It may be too late to affect this election's outcome, but once again
the Republican moralizers are being hoisted on their own hypocrisy.
The entire theme of their presidential campaign has rested on the notion
that George W. Bush
is more trustworthy and truthful than Al Gore. As if the Texas governor's
numerous prior
misstatements (to put it politely) about himself, his programs and
his record were not sufficient
to undermine his promise to "return honor and integrity" to the White
House, we now learn
that he just plain lied two years ago to a Dallas Morning News reporter
about his arrest record.
Attempting to dismiss Bush's 1976 drunken-driving arrest in Texas --
when he was 30 years old
-- William Bennett, the pompous national expert on virtue, said Friday
morning that the incident
would be important only if the governor had lied. According to the
Republicans' professed
standards of public conduct, Bennett is right:
The lie is worse than the original offense.

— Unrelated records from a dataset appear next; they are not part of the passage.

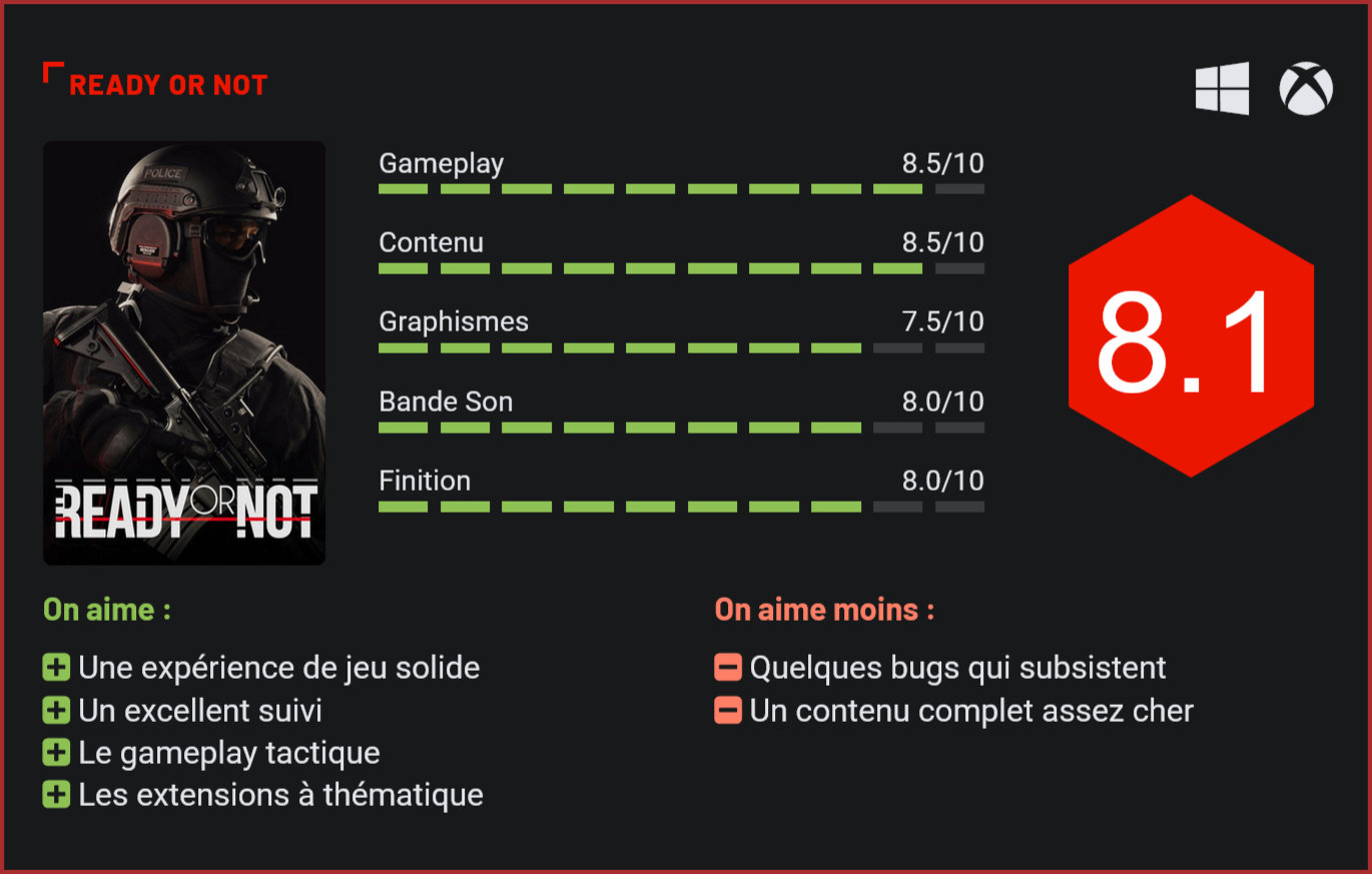 Sorti en décembre 2023, Ready or not s’est vite imposé comme le fils-spirituel de Rainbow Six et de SWAT. Deux ans après sa sortie, il a déjà eu droit à trois extensions très solides et s’est considérablement amélioré. L’occasion pour nous de faire le point sur cet excellent titre. Les FPS tactiques n’ont plus la cote. De SWAT à Operation Flashpoint, on ne compte plus le nombre de licences mortes et enterrées. Seul Rainbow Six fait de la résistance, mais la licence d’Ubisoft s’est totalement réinventée en jeu compétitif opposant deux équipes de joueurs. Ready or not est dans ce contexte le seul représentant du genre à proposer une expérience PvE (joueurs contre IA). Et il le fait plutôt bien. Pour ceux qui n’y auraient jamais joué, Ready or Not est donc un FPS tactique très proche des “anciens” Rainbow Six. Il est jouable en solitaire mais c’est bien entendu dans son mode multijoueur coopératif qu’il montre son plein potentiel et se révèle le plus captivant. Ici, la moindre erreur peut mener à la mort. Le joueur doit aussi respecter des règles d’engagement. Hors de question de dézinguer les civiles. Il faudra agir avec prudence, stratégie et professionnalisme, tel un véritable membre des forces spéciales. Le vrai plus par rapport aux “anciens” Rainbow Six ? Le titre a été pensé pour la coop et est jouable jusqu’à cinq joueurs. Les parties sont tendues et peuvent tourner au drame quand un joueur fait n’importe quoi. A la fois stressant, intense, nerveux et parfois très drôle, Ready or not est un jeu qui s’apprécie de préférence entre amis. Et depuis sa sortie, il faut bien admettre que le jeu a bien changé. Il s’est enrichi de 3 extensions payantes, Home Invasasion, qui mettait l’accent sur des assauts coordonnés dans des espaces confinés, Dark Waters, avec un focus sur un contexte nautique, et Boiling Point, tout juste sorti, qui nous propose trois nouvelles cartes sur le thème des émeutes. Outre de nouvelles missions, les extensions ajoutent de nombreux contenus additionnels, dont de nouvelles armes. Le jeu, lui, a évolué dans la bonne direction avec un contenu plus riche et certains aspects du titre repensés. De nombreux bugs ont été corrigés (+ de 200 rien qu’avec la dernière mise à jour !), l’IA s’est améliorée avec des comportements beaucoup plus réalistes que par le passé, et le gameplay a été peaufiné sans être transcendé, avec toujours plus de réalisme dans les actions. Ready or not est plus que jamais la référence du FPS tactique. Alors oui, il reste assurément des choses à améliorer : l’IA est parfois inégale dans ses actions, le jeu n’a pas ajouté de contenu qui change les règles du jeu (un PvP très attendu par exemple) et graphiquement, ça a un peu vieilli, mais quel pied pour ceux qui adorent ce genre, sous-représenté aujourd’hui ! Conclusion Depuis sa sortie initiale, Ready or not a eu droit à de nombreuses améliorations avec un gameplay peaufiné, des bugs corrigés et une nombre impressionnant d’ajouts (armes, cartes, missions). Certes, il faudra débourser 10€ par extension pour profiter d’une expérience “complète”, mais le jeu en vaut largement la chandelle avec des extensions à thématique très réussies, une communauté unie derrière un projet qui s’est définitivement engagé dans la bonne direction. Faut-il y jouer en 2026 ? Assurément, c’est le FPS tactique du moment.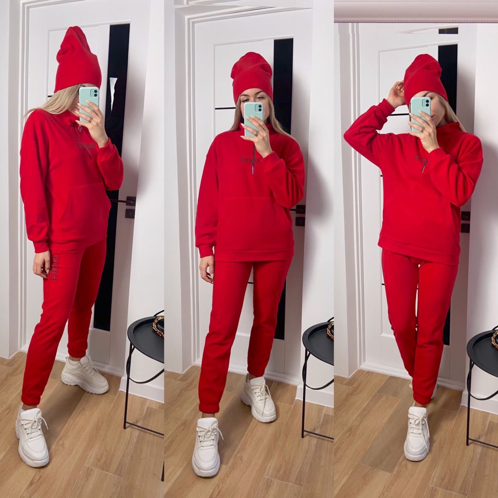 Мінімальна кількість для "Жіночий затишний теплий костюм трійка штани кофта та шапка колір червоний 7210" є 1.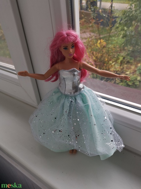 Barbie almazöld színű alkalmi selyem és tüll babaruha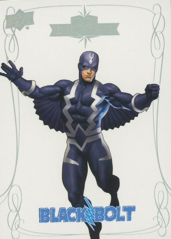 This card is 1 of 2 Black Bolt's card variations in the 2016 Upper Deck Marvel Gems set being tracked by Sports Card Investor, including Exquisite Nameplate /10.

So what will Bennett say now?
Perhaps he will try to hide behind the diversionary whining by Bush
aide Karen Hughes that this
revelation about her boss is a Democratic dirty trick. But if the Gore
campaign had known about
the DUI incident, why would it have waited until now to leak it, while
Bush and his campaign were
blasting Gore almost daily as a liar? That nasty attack dog Gore wouldn't
have waited, would he?
The story was found by a local reporter for Fox News -- not exactly
the venue a Democratic dirty
trickster would have chosen for a calculated media assault.
Anyway, why is telling the truth about Bush a "dirty trick"? Doesn't
the public have a right to know
whether a presidential candidate has an arrest record? Shouldn't Bush
explain why he kept drinking
excessively for 10 years after he was arrested for endangering lives
behind the wheel?
Imagine the reaction if Gore had been caught in this kind of embarrassment
and coverup.
The Republicans have insisted for many months that every tiny, nit-picking
contradiction they could
detect in past statements by Gore represents a major blot on the vice
president's integrity. Over time,
many of those accusations turned out to be partly or wholly false,
yet they served to damage Gore's
reputation and image. There is simply no question about this charge
or the attempt to cover up the truth
-- despite the sudden claims by Hughes that the Dallas Morning New
reporter is wrong about his 1998
conversation with Bush.
The DUI story certainly isn't the most serious question about Bush's
fitness for office, even by Republican
standards. Thursday, Sen. Bob Kerrey, D-Neb., and Sen. Daniel Inouye,
D-Hawaii, grievously wounded
military veterans who have been awarded the Congressional Medal of
Honor, demanded that Bush
disclose the entire record of his service with the Texas Air Guard.
The Republican nominee has clearly
prevaricated about his military record on more than one occasion, most
notably in his campaign
autobiography, "A Charge to Keep" (coauthored with Hughes), where he
claimed to have continued
flying for "several years" after he completed pilot training. What
he really did during the final two years
of his six-year Guard commitment remains mysterious.
When Bush's supporters in South Carolina questioned John McCain's service
record with a disgusting
smear, the Arizona senator immediately responded by releasing everything.
Why won't Bush do the same?
What is he concealing about his failure to take a flight physical and
his subsequent disappearance from duty?